▶ _Recorded information_:
--- --- ---
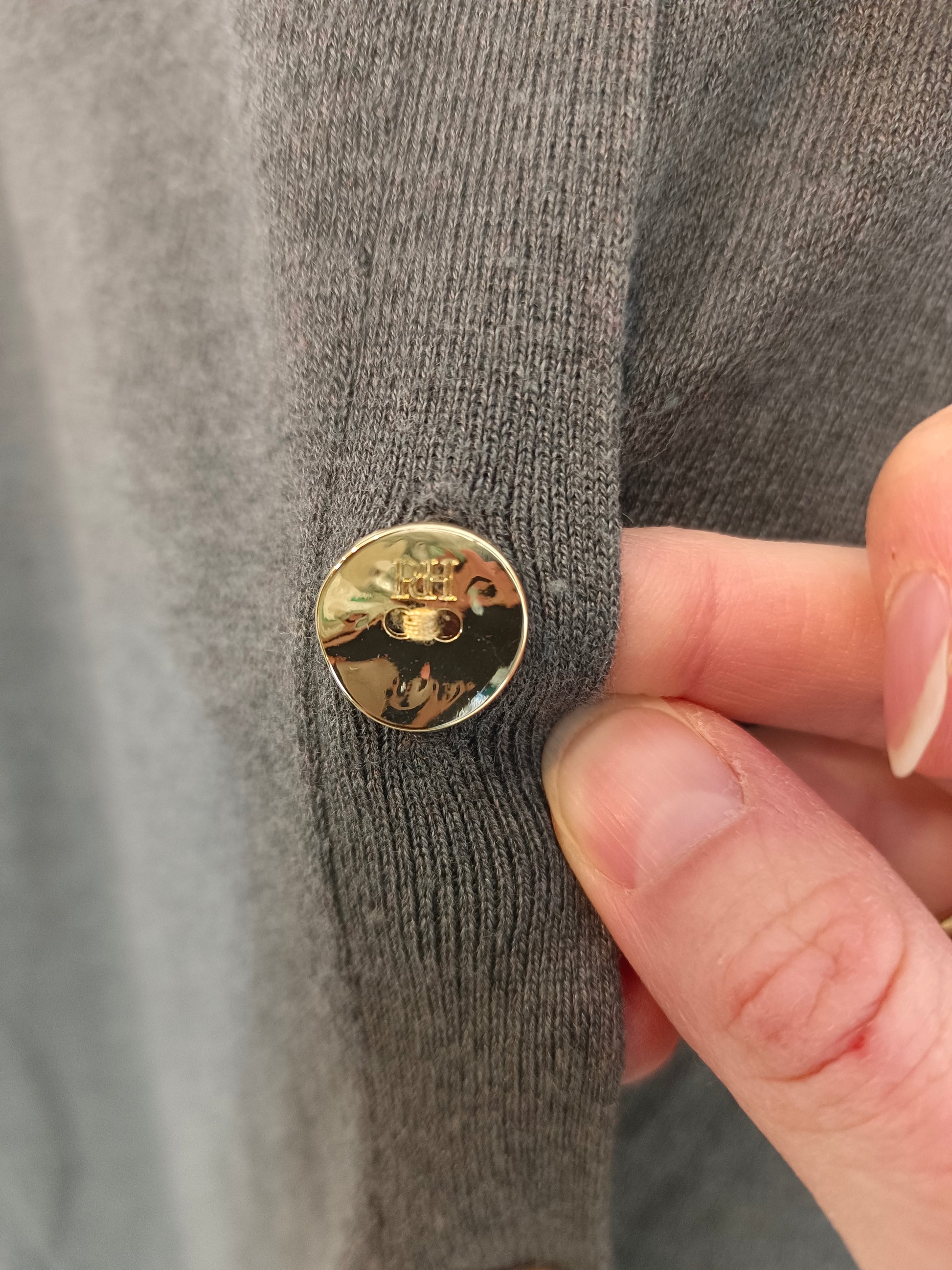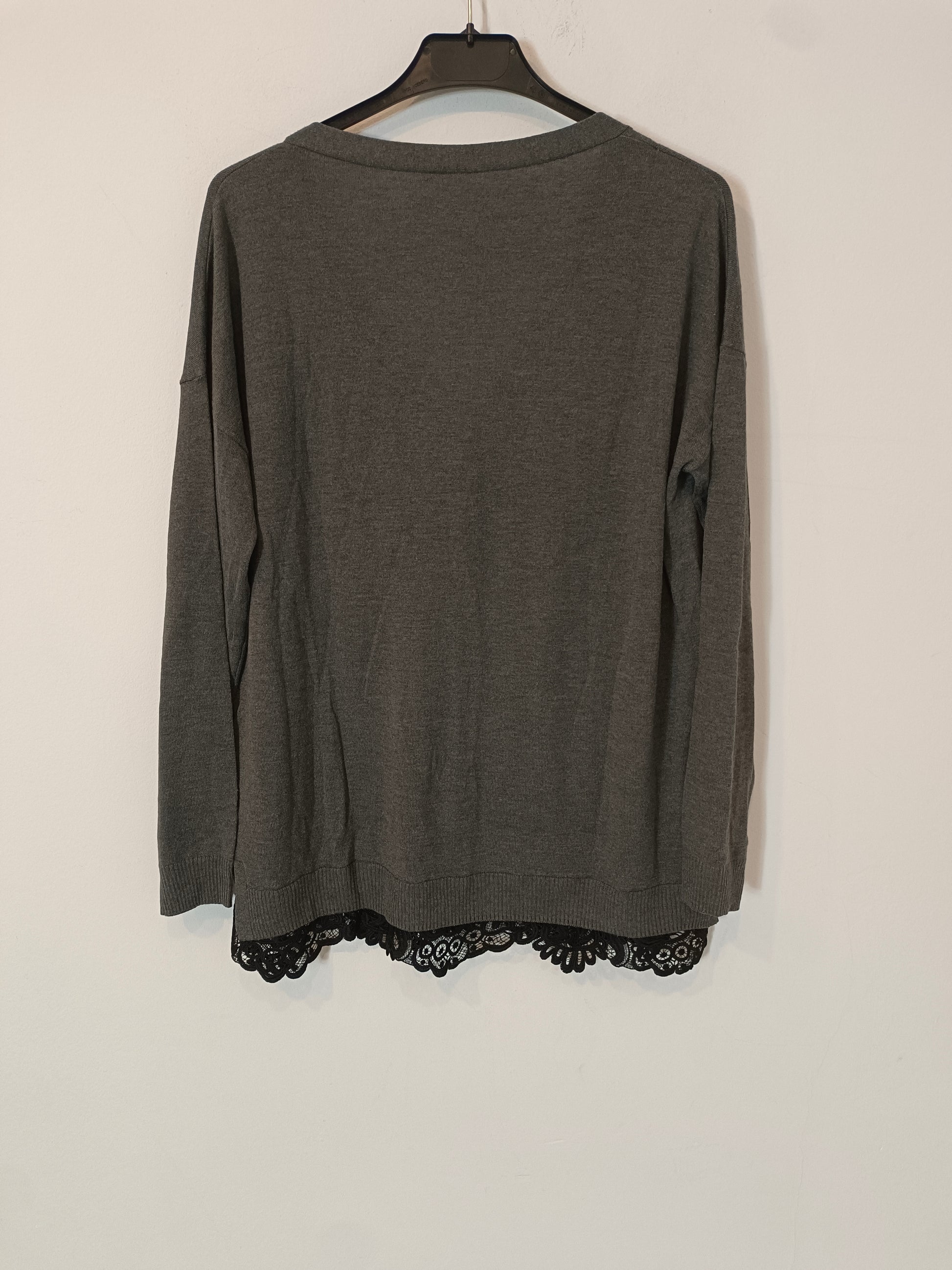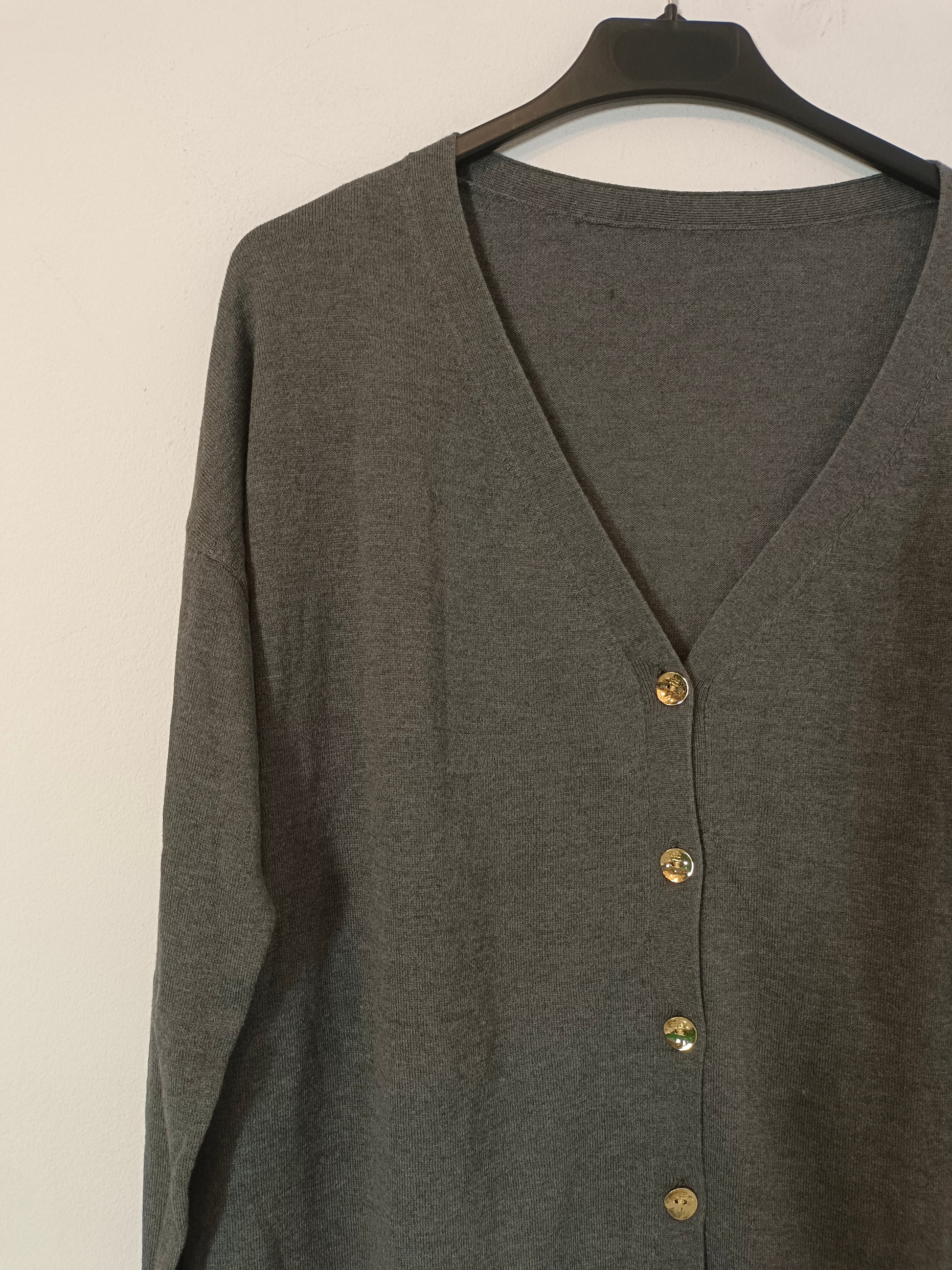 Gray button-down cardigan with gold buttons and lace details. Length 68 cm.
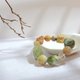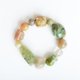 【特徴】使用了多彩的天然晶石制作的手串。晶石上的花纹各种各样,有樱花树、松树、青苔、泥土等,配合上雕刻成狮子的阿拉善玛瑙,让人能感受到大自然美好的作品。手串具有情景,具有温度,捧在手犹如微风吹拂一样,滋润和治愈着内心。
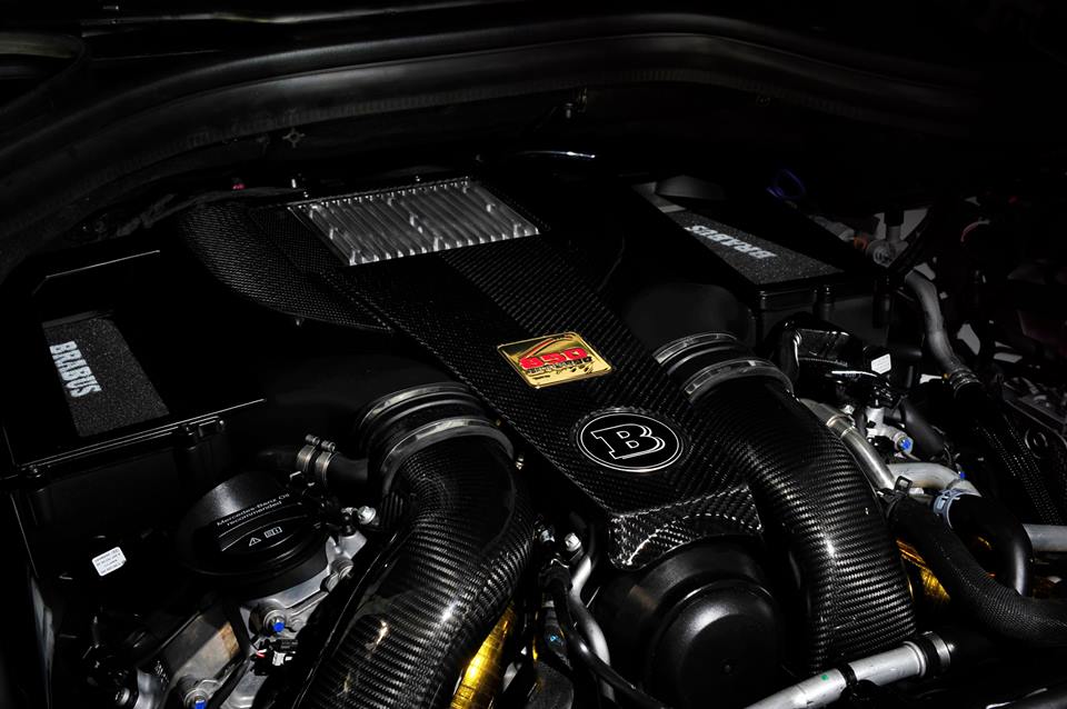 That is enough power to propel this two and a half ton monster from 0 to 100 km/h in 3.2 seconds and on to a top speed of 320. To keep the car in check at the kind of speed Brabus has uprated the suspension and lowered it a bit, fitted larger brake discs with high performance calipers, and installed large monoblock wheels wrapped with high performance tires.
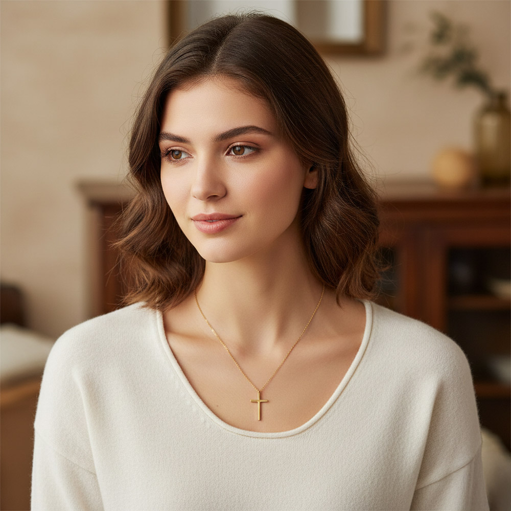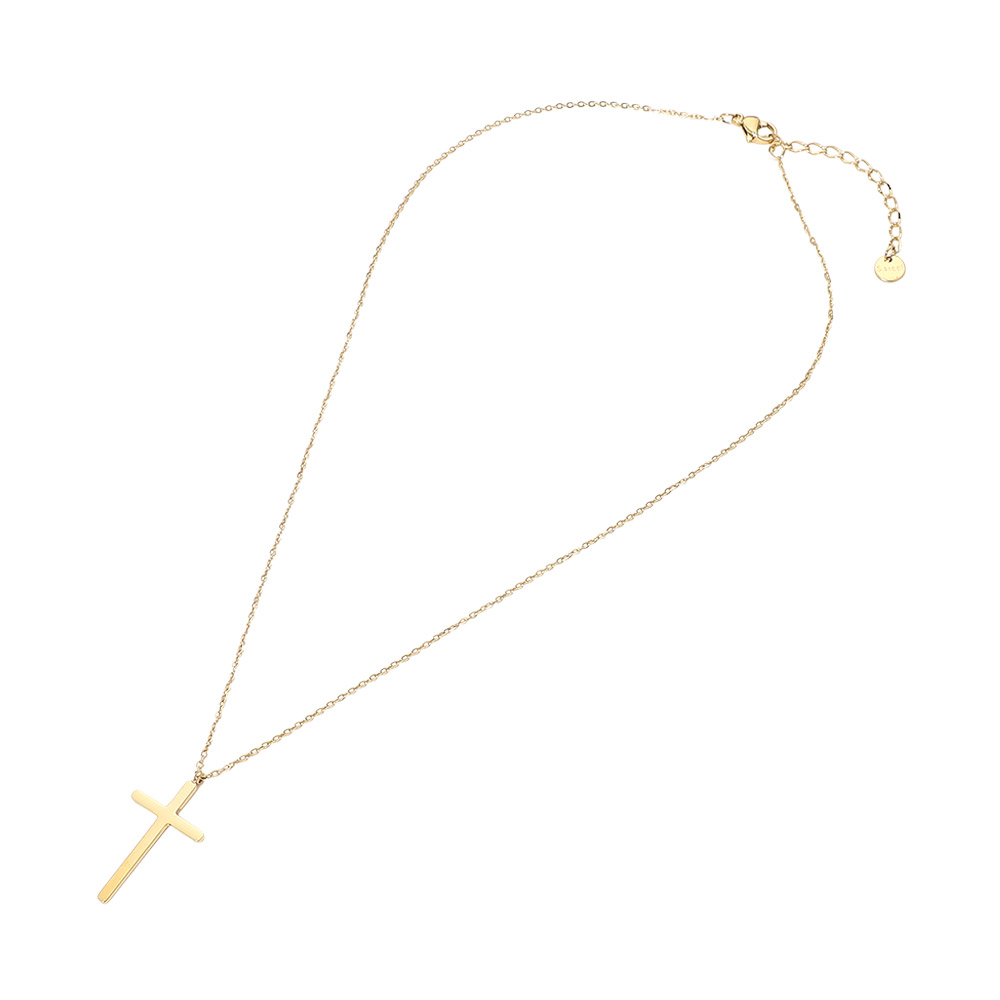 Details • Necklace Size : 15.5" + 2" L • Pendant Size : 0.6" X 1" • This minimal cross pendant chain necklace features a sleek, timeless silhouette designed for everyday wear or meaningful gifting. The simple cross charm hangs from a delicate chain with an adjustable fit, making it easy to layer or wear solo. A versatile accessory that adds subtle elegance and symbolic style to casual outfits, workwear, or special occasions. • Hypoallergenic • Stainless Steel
--- --- ---
▶ _Assigned task_: Strip out the pictures and quote the remaining data word for word.

▶ _Expected answer_:
 Gray button-down cardigan with gold buttons and lace details. Length 68 cm.
 【特徴】使用了多彩的天然晶石制作的手串。晶石上的花纹各种各样,有樱花树、松树、青苔、泥土等,配合上雕刻成狮子的阿拉善玛瑙,让人能感受到大自然美好的作品。手串具有情景,具有温度,捧在手犹如微风吹拂一样,滋润和治愈着内心。
 That is enough power to propel this two and a half ton monster from 0 to 100 km/h in 3.2 seconds and on to a top speed of 320. To keep the car in check at the kind of speed Brabus has uprated the suspension and lowered it a bit, fitted larger brake discs with high performance calipers, and installed large monoblock wheels wrapped with high performance tires.
 Details • Necklace Size : 15.5" + 2" L • Pendant Size : 0.6" X 1" • This minimal cross pendant chain necklace features a sleek, timeless silhouette designed for everyday wear or meaningful gifting. The simple cross charm hangs from a delicate chain with an adjustable fit, making it easy to layer or wear solo. A versatile accessory that adds subtle elegance and symbolic style to casual outfits, workwear, or special occasions. • Hypoallergenic • Stainless Steel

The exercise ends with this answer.